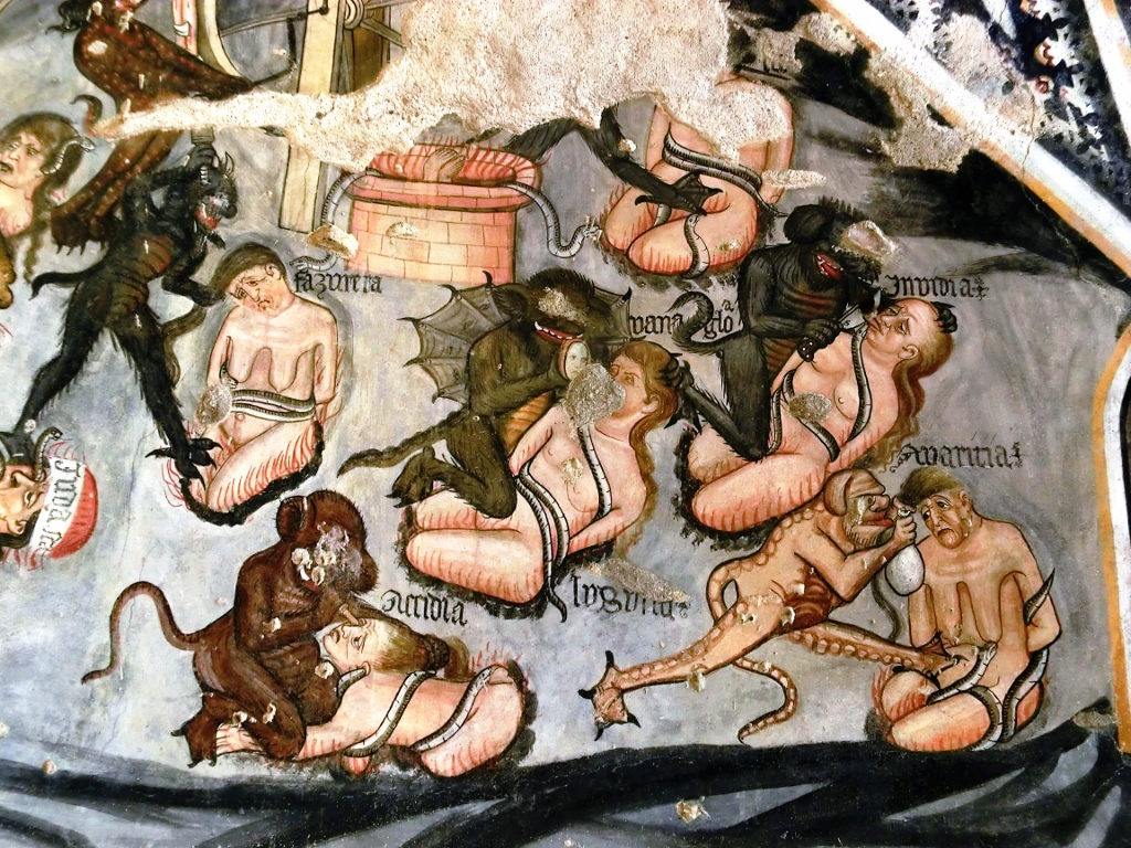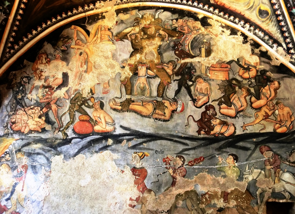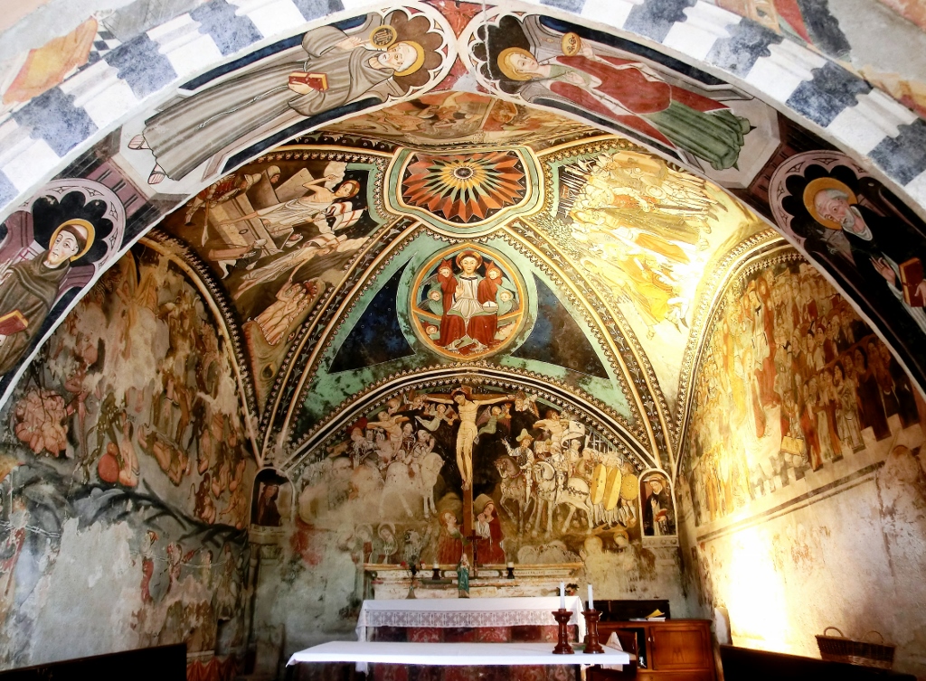 Interno: ciclo di affreschi del primo '400 raffigurante scene della Vita di Gesù, la Città Celeste, l'Inferno, le Opere di Misericordia, la cavalcata dei Vizi e altri. |
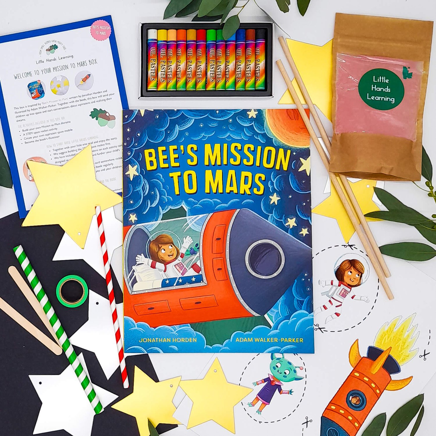 This box is inspired by the fun and diverse picture book ‘Bee’s Mission to Mars’ written by Jonathan Horden and illustrated by Adam Walker-Parker
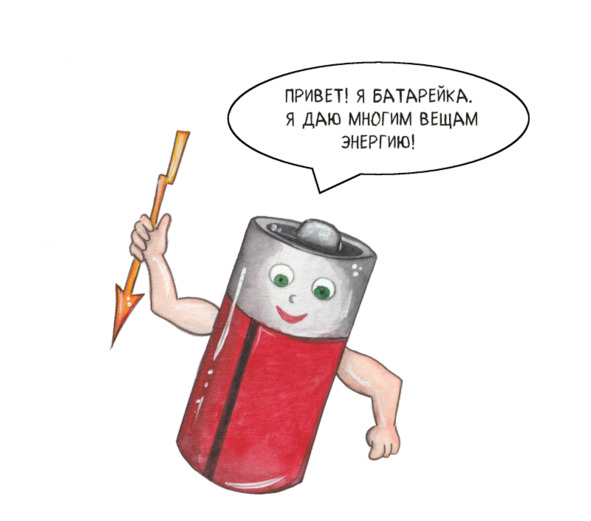 Без неё наша жизнь не была бы такой яркой и весёлой. Она даёт многим вещам энергию! Между прочим, многие твои игрушки не могут жить без Батарейки. Оглянись вокруг себя и найди всё, что живёт с помощью неё. Ты увидишь, как она важна.
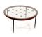 Bordo perimetrale in noce, gambe in metallo laccate con vernice raggrinzante e puntali in ottone.
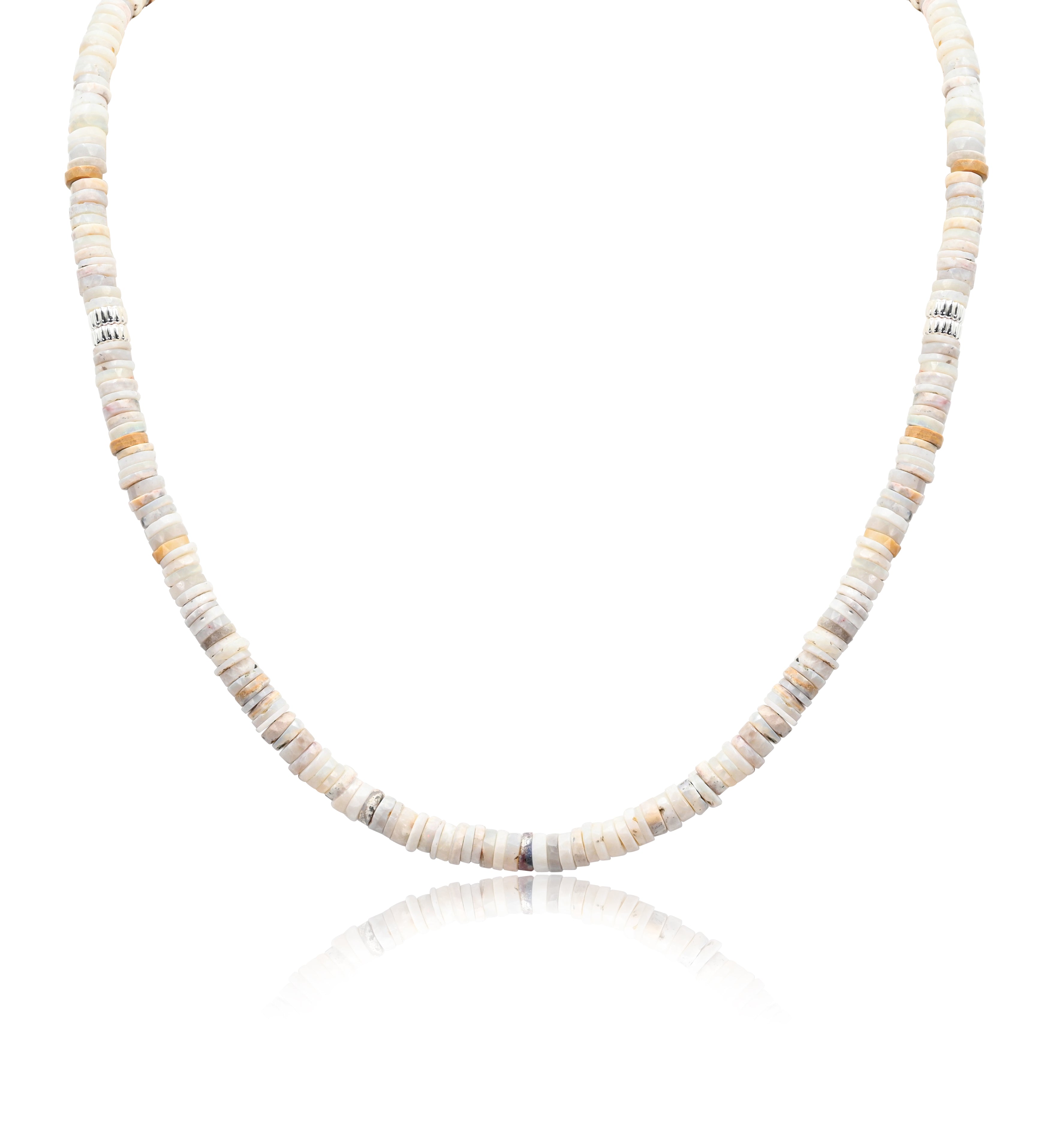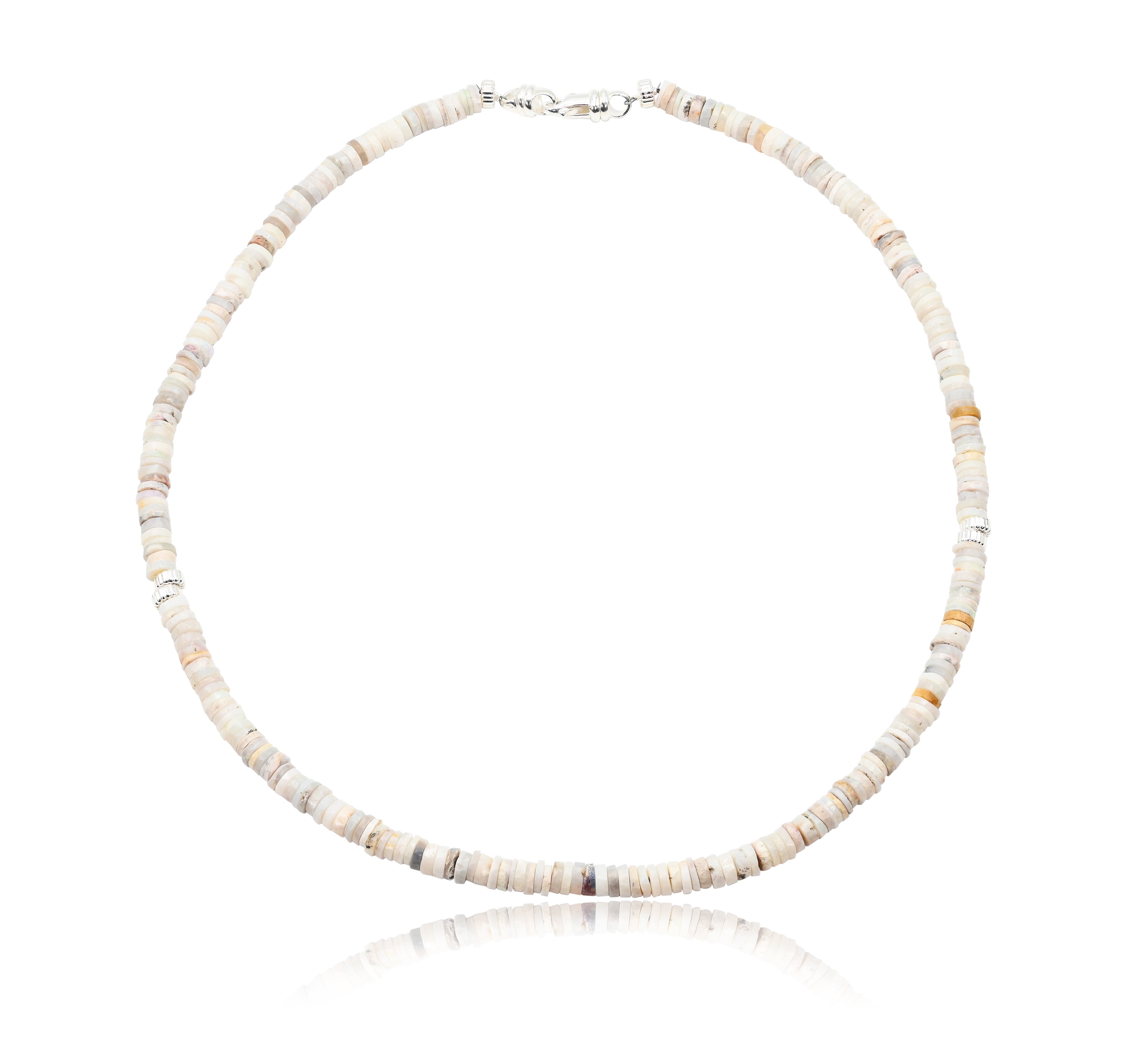 A men's opal heshi sterling silver beads necklace is a stunning piece of jewelry that combines the unique beauty of opal with the elegance of sterling silver. Opal, known for its mesmerizing play of color, adds a vibrant and dynamic element to the necklace, making it stand out as a focal point. The heshi beads, typically flat and disc-shaped, provide a textured contrast to the smooth, polished silver beads, creating a balanced and sophisticated look. Sterling silver, celebrated for its durability and luster, complements the opal beads by adding a timeless and refined touch. This necklace is not only a stylish accessory but also a versatile piece that can be worn for both casual and formal occasions, making it a must-have addition to any man's jewelry collection.
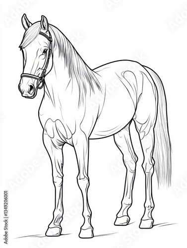 Detailed Line Drawing of a Standing Horse
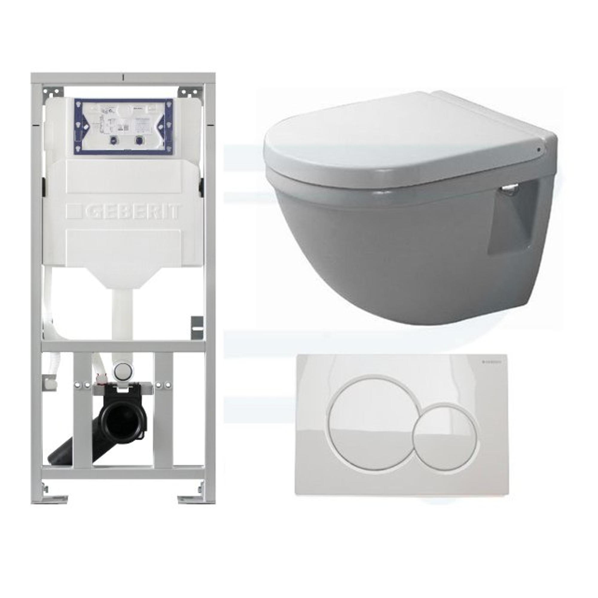 Duravit Starck 3 toiletset - Burda Geberit UP320 inbouwreservoir - compact toilet - geberit toiletzitting - sigma01 bedieningsplaat - glans wit
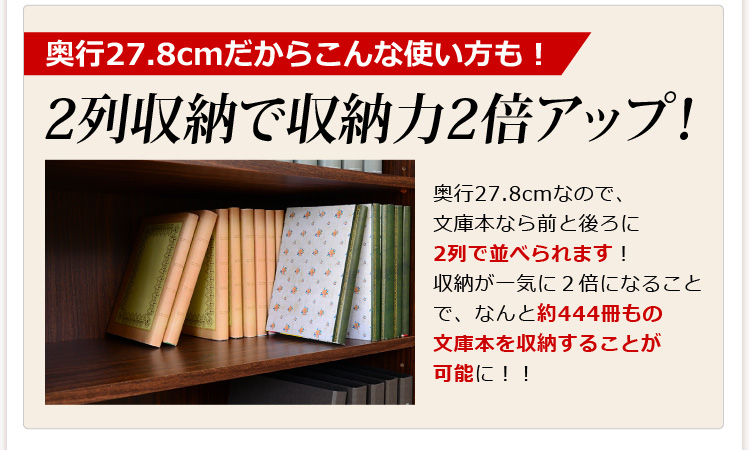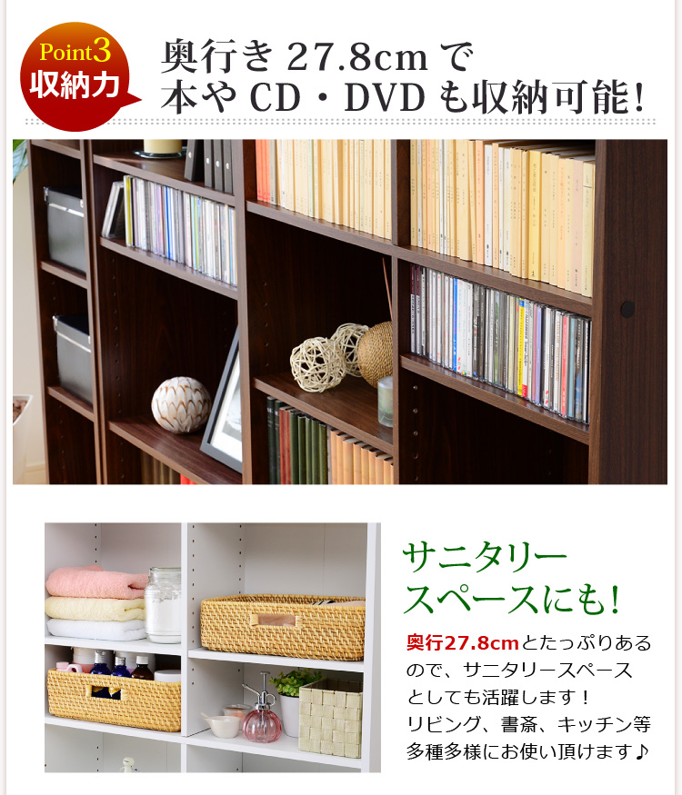 奥行き27.8㎝もあるので色々な物が収納できます!リビングや書斎、キッチン等、多種多様にお使いください!

□ □ □ □ □

What to do >>
May I have only the lines from the start of the data through the line containing "Bordo perimetrale in", both included, reproduced exactly and without the pictures?

Result >>
 Interno: ciclo di affreschi del primo '400 raffigurante scene della Vita di Gesù, la Città Celeste, l'Inferno, le Opere di Misericordia, la cavalcata dei Vizi e altri. |
 This box is inspired by the fun and diverse picture book ‘Bee’s Mission to Mars’ written by Jonathan Horden and illustrated by Adam Walker-Parker
 Без неё наша жизнь не была бы такой яркой и весёлой. Она даёт многим вещам энергию! Между прочим, многие твои игрушки не могут жить без Батарейки. Оглянись вокруг себя и найди всё, что живёт с помощью неё. Ты увидишь, как она важна.
 Bordo perimetrale in noce, gambe in metallo laccate con vernice raggrinzante e puntali in ottone.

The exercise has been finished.